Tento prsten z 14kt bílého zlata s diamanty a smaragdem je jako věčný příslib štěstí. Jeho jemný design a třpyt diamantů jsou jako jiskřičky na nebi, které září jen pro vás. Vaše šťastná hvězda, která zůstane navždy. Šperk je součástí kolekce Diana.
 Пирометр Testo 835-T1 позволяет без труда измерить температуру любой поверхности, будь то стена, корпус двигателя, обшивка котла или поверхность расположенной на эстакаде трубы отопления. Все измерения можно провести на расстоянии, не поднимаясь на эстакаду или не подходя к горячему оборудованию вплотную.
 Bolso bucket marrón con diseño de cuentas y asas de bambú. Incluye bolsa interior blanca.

————

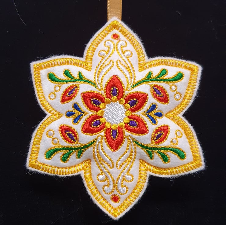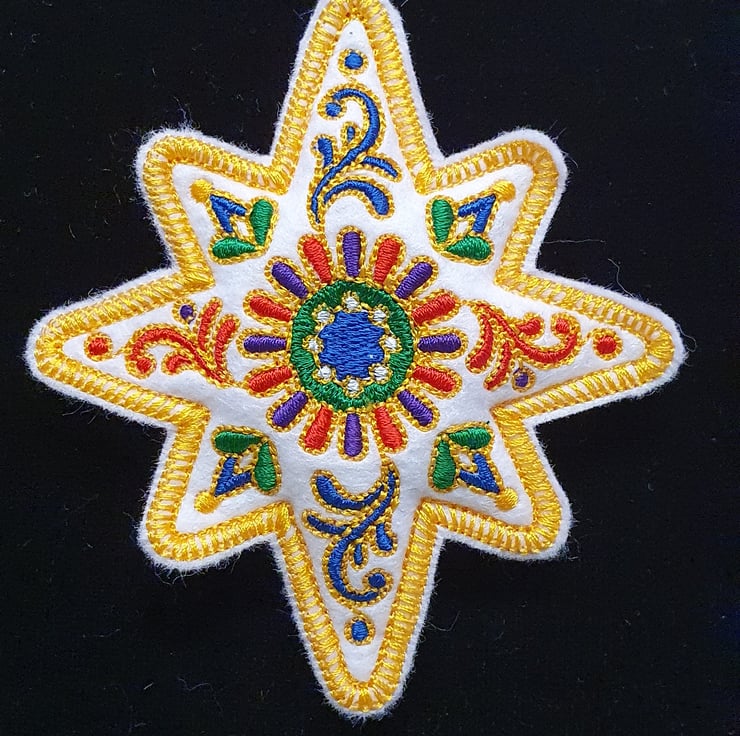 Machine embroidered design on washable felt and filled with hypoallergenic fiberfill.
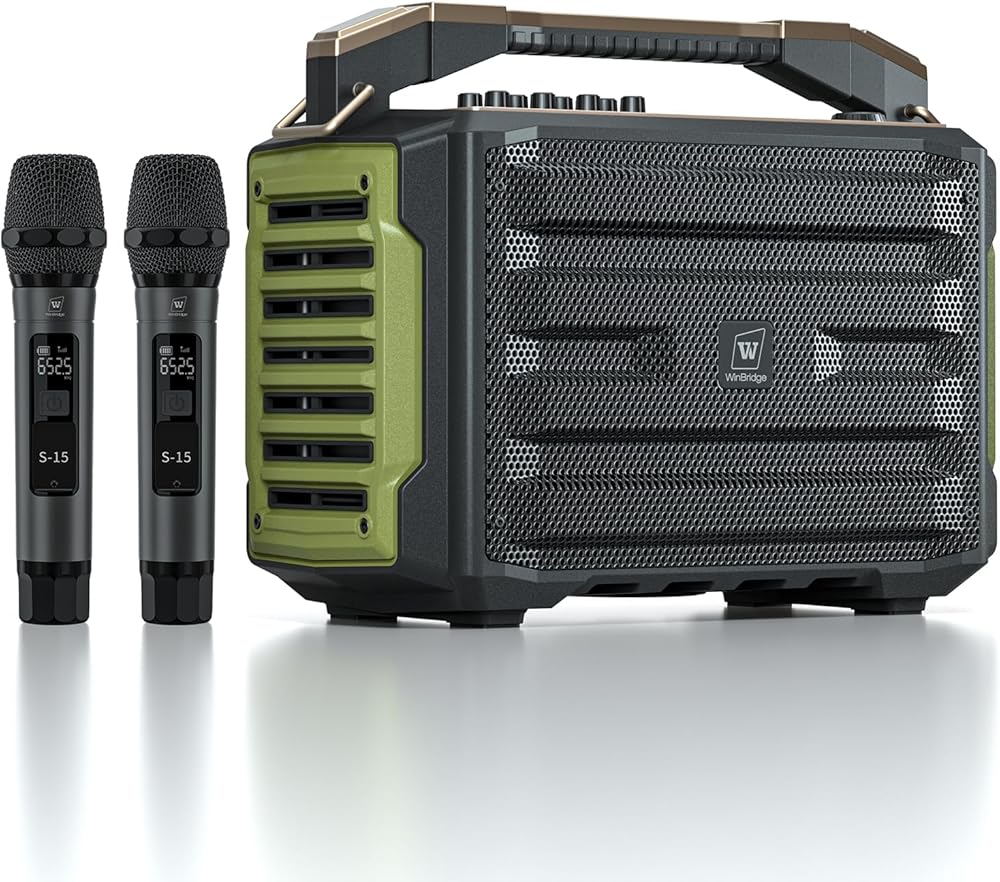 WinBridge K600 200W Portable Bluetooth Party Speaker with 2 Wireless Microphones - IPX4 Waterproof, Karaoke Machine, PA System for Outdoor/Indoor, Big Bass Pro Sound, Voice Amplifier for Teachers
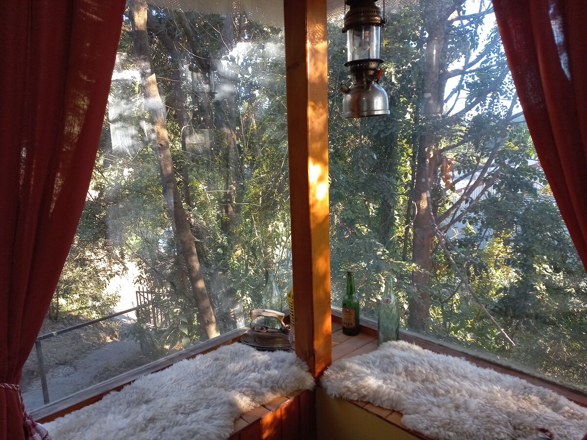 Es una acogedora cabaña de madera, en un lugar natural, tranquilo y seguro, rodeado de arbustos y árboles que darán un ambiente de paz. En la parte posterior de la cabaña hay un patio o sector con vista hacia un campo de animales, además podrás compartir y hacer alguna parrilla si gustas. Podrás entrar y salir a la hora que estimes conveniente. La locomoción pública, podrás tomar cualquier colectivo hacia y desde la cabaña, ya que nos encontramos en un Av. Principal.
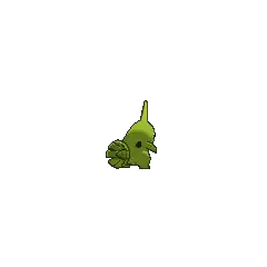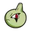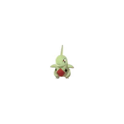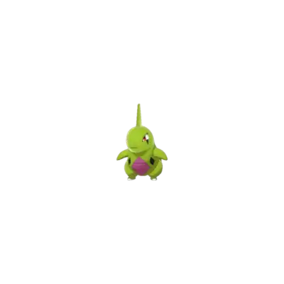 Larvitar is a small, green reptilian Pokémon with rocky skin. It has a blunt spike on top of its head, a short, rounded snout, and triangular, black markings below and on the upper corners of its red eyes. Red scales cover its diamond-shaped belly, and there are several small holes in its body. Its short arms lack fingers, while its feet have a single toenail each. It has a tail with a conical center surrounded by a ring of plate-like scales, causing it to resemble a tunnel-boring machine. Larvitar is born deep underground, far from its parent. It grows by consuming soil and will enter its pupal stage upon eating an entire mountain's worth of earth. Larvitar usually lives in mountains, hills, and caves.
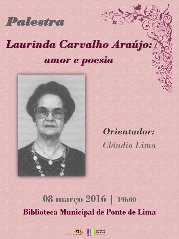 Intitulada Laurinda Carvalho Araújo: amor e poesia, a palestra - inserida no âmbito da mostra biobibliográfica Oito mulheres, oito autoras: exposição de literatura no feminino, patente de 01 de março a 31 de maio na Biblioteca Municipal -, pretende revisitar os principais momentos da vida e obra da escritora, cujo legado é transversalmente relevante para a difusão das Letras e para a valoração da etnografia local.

————

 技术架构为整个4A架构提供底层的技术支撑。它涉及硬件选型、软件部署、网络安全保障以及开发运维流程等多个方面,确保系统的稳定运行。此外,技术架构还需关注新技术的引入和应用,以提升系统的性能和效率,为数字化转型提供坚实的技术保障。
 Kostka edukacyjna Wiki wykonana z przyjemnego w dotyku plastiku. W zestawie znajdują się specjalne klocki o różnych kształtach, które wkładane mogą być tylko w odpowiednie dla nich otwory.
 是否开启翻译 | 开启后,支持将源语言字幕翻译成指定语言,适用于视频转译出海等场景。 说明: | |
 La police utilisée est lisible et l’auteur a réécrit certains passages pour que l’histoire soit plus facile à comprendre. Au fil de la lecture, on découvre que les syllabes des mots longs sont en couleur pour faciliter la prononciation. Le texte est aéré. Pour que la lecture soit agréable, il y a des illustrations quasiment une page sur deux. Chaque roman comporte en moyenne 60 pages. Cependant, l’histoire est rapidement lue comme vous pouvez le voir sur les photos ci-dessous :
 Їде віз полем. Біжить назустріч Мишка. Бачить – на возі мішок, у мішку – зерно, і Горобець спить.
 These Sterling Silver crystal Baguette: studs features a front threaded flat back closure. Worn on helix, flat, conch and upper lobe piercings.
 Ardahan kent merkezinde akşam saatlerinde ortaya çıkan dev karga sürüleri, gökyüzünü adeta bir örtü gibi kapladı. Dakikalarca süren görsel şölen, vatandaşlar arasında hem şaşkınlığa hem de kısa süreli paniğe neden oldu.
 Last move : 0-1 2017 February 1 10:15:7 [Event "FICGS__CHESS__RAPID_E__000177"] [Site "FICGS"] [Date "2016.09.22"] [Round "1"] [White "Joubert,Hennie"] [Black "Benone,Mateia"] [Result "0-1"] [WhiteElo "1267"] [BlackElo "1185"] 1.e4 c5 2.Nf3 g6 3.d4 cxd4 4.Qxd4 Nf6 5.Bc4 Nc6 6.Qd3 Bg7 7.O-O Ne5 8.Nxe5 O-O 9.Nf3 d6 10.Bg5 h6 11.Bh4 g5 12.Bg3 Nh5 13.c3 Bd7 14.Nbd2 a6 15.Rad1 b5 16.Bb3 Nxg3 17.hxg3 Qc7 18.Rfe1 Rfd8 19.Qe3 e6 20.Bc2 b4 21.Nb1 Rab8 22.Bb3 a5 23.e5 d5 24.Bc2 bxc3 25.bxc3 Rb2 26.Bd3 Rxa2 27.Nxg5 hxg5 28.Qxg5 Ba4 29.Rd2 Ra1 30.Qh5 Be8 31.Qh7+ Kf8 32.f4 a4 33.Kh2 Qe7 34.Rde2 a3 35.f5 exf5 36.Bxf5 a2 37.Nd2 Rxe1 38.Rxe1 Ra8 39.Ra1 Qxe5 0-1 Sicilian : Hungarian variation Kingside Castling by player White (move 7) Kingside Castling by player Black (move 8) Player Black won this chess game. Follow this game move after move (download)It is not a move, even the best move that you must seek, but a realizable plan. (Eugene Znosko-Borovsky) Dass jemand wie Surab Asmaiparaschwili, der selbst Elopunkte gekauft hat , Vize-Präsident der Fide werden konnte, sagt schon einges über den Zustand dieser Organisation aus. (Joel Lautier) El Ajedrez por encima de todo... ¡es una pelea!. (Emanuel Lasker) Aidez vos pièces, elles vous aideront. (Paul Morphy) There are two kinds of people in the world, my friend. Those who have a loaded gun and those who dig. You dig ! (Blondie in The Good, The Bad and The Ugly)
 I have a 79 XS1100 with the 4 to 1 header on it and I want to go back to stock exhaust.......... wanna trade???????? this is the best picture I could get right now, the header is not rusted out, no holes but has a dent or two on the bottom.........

————

» **Work task**
Going back to the entries above, set down exactly the lines that begin at the one with "Їде віз полем." and end at the one with "Ardahan kent merkezinde", both included, and nothing else.

» **Exercise output**
 Їде віз полем. Біжить назустріч Мишка. Бачить – на возі мішок, у мішку – зерно, і Горобець спить.
 These Sterling Silver crystal Baguette: studs features a front threaded flat back closure. Worn on helix, flat, conch and upper lobe piercings.
 Ardahan kent merkezinde akşam saatlerinde ortaya çıkan dev karga sürüleri, gökyüzünü adeta bir örtü gibi kapladı. Dakikalarca süren görsel şölen, vatandaşlar arasında hem şaşkınlığa hem de kısa süreli paniğe neden oldu.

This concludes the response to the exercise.